In the beginning when God created the heavens and the earth, 2 the earth was a formless void and darkness covered the face of the deep, while a wind from God swept over the face of the waters. 3 Then God said, “Let there be light”; and there was light. 4 And God saw that the light was good; and God separated the light from the darkness. 5 God called the light Day, and the darkness he called Night. And there was evening and there was morning, the first day.

Genesis 1:1-5 opens the canonical text of the Bible with an emphasis upon God as creator. 

Genesis 1:1-2:4a is the first of two accounts of creation, even though it reflects an historically later account, deriving as it does from the priestly account, likely written during the exile. The biblical account opens by introducing the reader to a God who creates for good. God builds a beautiful home in which humanity, as representatives of God on earth, may care for that which God has provided. It does not present a theory. It presents a creed, a belief. In the canon, it takes its place as situating the story of the Patriarchs within the larger theme of the love and concern of God for humanity. One should read the Babylonian creation epic for some background as to what this author is arguing against. Whereas each of the orders of creation in the Babylonian story — the watery deep, the heavens, the sea, the dry land, the heavenly bodies — are gods and not mere inanimate objects, in Genesis 1 they are inert creations of the one God. The priestly account demythologizes Babylonian cosmology. Gone are the many gods and their wars that created the earth. In their places are the logical and ordered processes of a transcendent God creating a universe into which God will introduce a species who are nothing less than God’s own children. The God who established a covenant with the family of Abraham and with Moses is the creator of the world. The myths of Ras Shamra may form background, but scholars are beginning to interpret that relationship differently. 

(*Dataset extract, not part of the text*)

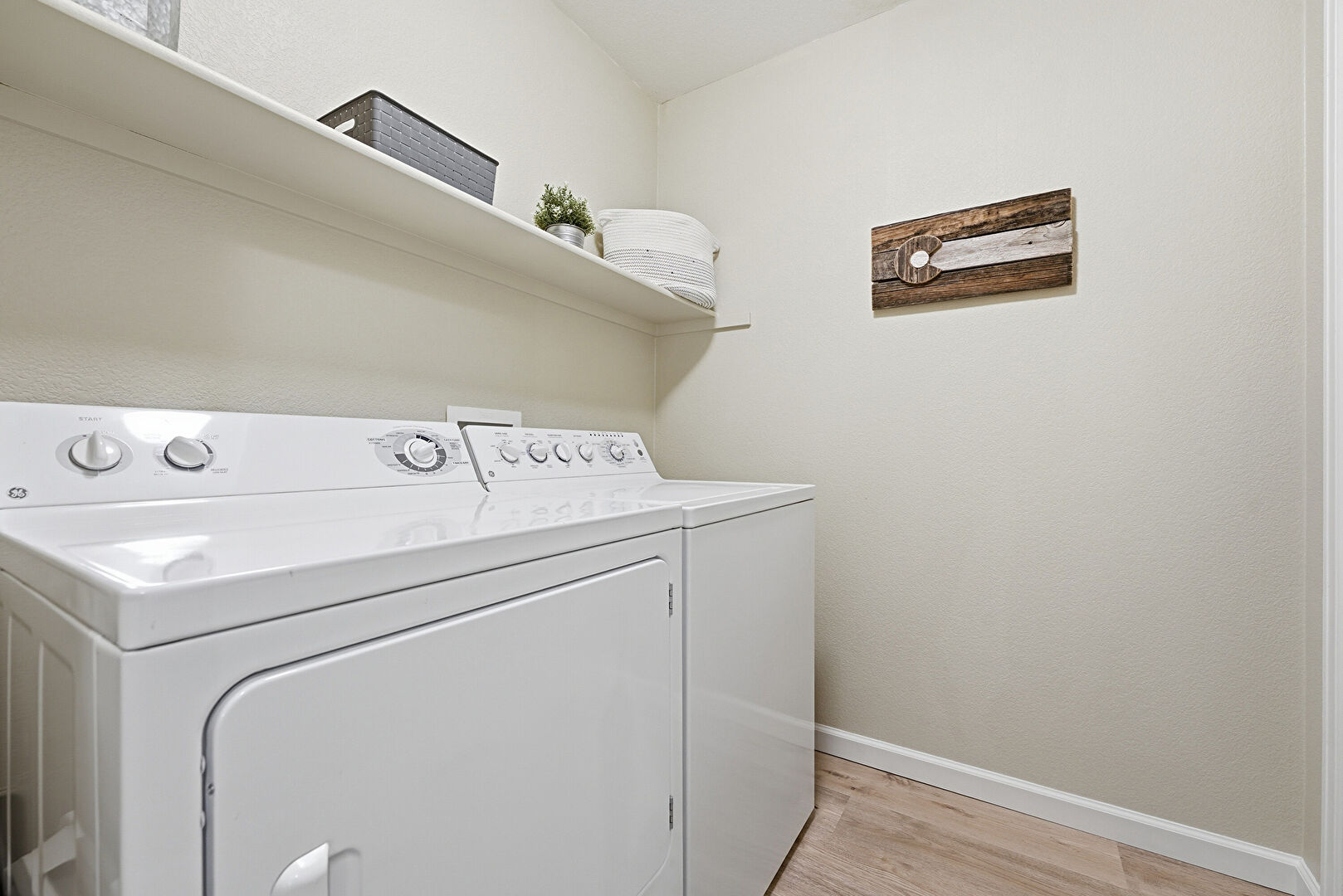 Baseboards Wall, Laundry, Washer Hookup, Wood Finish Floor, Drywall

The structure of Genesis 1 is not random. Unlike the Enuma Elish, the Babylonian account of creation, in which multiple gods war for control of a chaotic universe, Genesis 1 has only one God, namely 'Elohim, the God of Israel. There is no cosmic sea goddess, Tiamat, who must be vanquished to create the world. There is only God's spirit, hovering like a restless wind made by beating wings over the tehom, a word from the same root as Tiamat's name; only in Genesis, the tehom is merely a deep abyss of swirling water.

Babylonians thought of all the natural formations that God creates in Genesis 1 as actual gods! If, as many scholars believe, the writing of the priestly account of creation was during the Babylonian captivity of the Jews, this account is a remarkable response to the prevailing view. For the Babylonians, the god Anu was also the sky. The goddess Ki was the earth. Shamash was the sun. Sin was the moon. All of nature was composed of various gods humans were to worship, according to the Babylonians. By presenting them with an alternative view of the creation of the universe, close enough to their own to be recognizable to them, the Israelites produced a brilliant piece of theological subversion. It is as if the whole chapter preaches one message: "Yes, the universe was created, but by the One God, our God, the only true and living God. All these other things you worship are just inanimate objects in nature, which our God created."

In addition, the one true God creates in a quite different way than does Marduk in the Enuma Elish. Marduk creates the earth by splitting the rebel Tiamat's body into two halves like the halves of a clamshell. The upper half forms the bubble above the sky and the lower half the bubble under the earth, beyond which God filled the universe with water. This is a very bloody, "hands-on" process. According to the author of our text, however, the One God creates with a word. God speaks and there is light. God need not manipulate coarse matter physically. God only says, "Let there be …" and there is!

God used a set of words to bring order out of chaos and light out of darkness. Such words are not simply describing something. They are “performative utterances,” in the words of J. L. Austin, creating the reality they are describing. Words have always been critical to the creative work of God. In Genesis, this work continued when “God called the light Day, and the darkness he called Night” (Genesis 1:5). God created day and night when God called these periods day and night. Then God went on to use words to create Earth and seas, vegetation, birds, cattle, and finally humankind. At the end of this creative work, “God saw everything that he had made, and indeed, it was very good” (v. 31). God used divine words to create a good world for us to enjoy.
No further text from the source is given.